Reverse-transcription quantitative polymerase chain reaction (RT-qPCR)
Total RNA was extracted with TRIzol according to the manufacturer's instructions and was reverse-transcribed using the Prime Script™ RT reagent kit (Takara Bio, Inc., Otsu, Japan). The 10 µl RT mixture contained 400 ng of total RNA, 2 µl 5X PrimeScript Buffer, 0.5 µl PrimeScript RT Enzyme mix I; 0.5 µl Oligo dT Primer (50 µM), 0.5 µl random hexamers (100 µM) and RNase free distilled water to 10 µl. The complementary DNA template was amplified by real-time PCR using the SYBR-PremixExTaq™ kit (Takara Bio, Inc.) on a StepOne Real-Time PCR System (Applied Biosystems; Thermo Fisher Scientific, Inc.). The PCR reaction mixture contained 12.5 µl 2X SYBR Premix Ex Taq, 0.5 µl forward primer (10 µM), 0.5 µl reverse primer (10 µM), 2 µl cDNA and 9.5 µl distilled water. The primers were obtained from Sangon Biotech Co., Ltd. (Shanghai, China) and the sequences were as follows: 5′-GTGGCCCGGATGTGAGAAG-3 (forward), 5′-GGAGCCCTTG TCGGATGATG-3 (reverse) for Foxp3; 5′-TCAAGTTTGGCCGAATGTC-3′ (forward), 5′-CATCTGAGAGCCCTAAAGTGTATG-3′ (reverse) for RORγt; 5′-GCACCGTCAAGGCTG AGAAC-3′ (forward), 5′-GCCTTCTCCATGGTGGTGAA-3′ (reverse) for GAPDH. Thermal cycling was programmed as follows: 95°C for 30 sec followed by 40 cycles of 95°C for 5 sec, 60°C for 20 sec and 72°C for 15 sec, and subsequent final elongation at 72°C for 10 min. Gene expression was assessed using the 2−ΔΔCq method (14) and levels of the analyte mRNAs were normalized to those of GAPDH as an internal standard.
Cytokine analysis
IL-2, IL-6, IL-10, IL-17 and TGF-β secretion by spleen lymphocytes was quantified using an Inflammation Kit (BD Biosciences) according to the manufacturer's recommendations.
Statistical analysis
Values are expressed as the mean ± standard deviation. Statistical analyses were conducted on Prism 6.0 (GraphPad Software, Inc., La Jolla, CA, USA) using one-way analysis of variance or the unpaired Student's t-test as indicated. P<0.05 was considered to indicate a statistically significant difference.
Results
Activation of cAMP signaling attenuates CLP-induced ALI
In order to identify whether activation of the cAMP signaling pathway can ameliorate ALI and the resultant ARDS, one group of animals was pre-treated with PDE inhibitor pentoxifylline (PTX). As show in Fig. 1A, although the difference was not significant, PTX pre-treatment improved the survival rate of mice following CLP to a certain degree (from 50 to 61%). In addition, cAMP levels were significantly reduced in the splenocytes of mice following CLP, while they were significantly increased in splenocytes from animals pre-treated with PTX compared with those in the Sham group (Fig. 1B). Furthermore, the degree of lung injury was evaluated in mice treated with or without PTX prior to CLP. Histological analysis revealed that CLP induced alveolar septal thickening, accumulation of inflammatory cells in the interstitium and alveoli and an influx of protein-rich fluid into the alveolar space. However, mice pre-treated with PTX demonstrated reduced structural changes following CLP (Fig. 1C).

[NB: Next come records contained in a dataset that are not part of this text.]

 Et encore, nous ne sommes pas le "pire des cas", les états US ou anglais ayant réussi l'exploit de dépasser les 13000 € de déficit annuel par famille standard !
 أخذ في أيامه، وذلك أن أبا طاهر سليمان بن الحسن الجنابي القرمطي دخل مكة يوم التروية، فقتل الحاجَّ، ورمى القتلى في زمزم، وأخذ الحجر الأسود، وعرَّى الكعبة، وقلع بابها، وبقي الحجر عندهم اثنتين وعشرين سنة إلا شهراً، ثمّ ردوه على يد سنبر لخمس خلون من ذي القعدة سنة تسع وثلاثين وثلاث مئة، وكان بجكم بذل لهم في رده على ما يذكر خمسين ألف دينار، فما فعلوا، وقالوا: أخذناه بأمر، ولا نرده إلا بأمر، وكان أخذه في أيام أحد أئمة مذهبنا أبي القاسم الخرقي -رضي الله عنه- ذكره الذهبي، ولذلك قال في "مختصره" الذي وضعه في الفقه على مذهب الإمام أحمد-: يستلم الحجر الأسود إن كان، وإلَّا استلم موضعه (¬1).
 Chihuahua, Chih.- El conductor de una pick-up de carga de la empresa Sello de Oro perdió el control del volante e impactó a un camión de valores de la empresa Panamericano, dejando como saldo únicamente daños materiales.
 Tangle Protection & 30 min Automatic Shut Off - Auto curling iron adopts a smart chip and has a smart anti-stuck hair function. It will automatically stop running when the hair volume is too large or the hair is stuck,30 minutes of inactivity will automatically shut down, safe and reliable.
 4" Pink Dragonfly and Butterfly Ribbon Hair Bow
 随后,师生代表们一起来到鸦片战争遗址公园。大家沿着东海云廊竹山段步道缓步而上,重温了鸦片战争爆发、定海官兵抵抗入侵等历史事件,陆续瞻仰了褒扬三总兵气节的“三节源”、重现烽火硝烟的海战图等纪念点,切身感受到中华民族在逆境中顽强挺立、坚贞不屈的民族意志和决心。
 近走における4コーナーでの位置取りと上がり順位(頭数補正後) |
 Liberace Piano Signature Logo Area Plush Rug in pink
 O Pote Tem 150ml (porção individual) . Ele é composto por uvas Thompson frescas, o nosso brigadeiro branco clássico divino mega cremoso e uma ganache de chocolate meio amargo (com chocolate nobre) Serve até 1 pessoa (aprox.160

PTX partly restores the Treg/Th17 imbalance in mice with CLP-induced ARDS
FACS analysis revealed that the proportion of CD4+CD25+Foxp3+ Tregs and CD4+IL-17+ Th17 cells in spleen lymphocytes were significantly increased after CLP (Fig. 2), which was consistent with the results of previous studies (15,16). However, in CLP-induced mouse models of ARDS, the Treg/Th17 ratio was obviously decreased compared with that in the Sham group, which suggested that the Treg/Th17 balance was shifted towards Th17 (Fig. 3). Of note, pre-treatment with PTX significantly attenuated CLP-induced increases in the number of Tregs and Th17 as well as the decrease of the Treg/Th17 ratio.
Activation of cAMP signaling decreases CLP-induced cytokine secretion
Inflammation is the main pathological consequence of CLP-induced sepsis, which is characterized by the release of inflammatory factors and contributes to ARDS. Thus, the ability of PTX to prevent cytokine production of spleen lymphocytes following CLP was assessed. An ELISA revealed that the secretion of the classic inflammatory factors IL-2, IL-6, IL-10, IL-17 and TGF-β was significantly upregulated following CLP. However, PTX treatment significantly attenuated CLP-induced upregulation of IL-2, IL-6, IL-10, IL-17 (P<0.01). While PTX also decreased TGF-β, levels compared to those in the ARDS group, differences were not significant (Fig. 4).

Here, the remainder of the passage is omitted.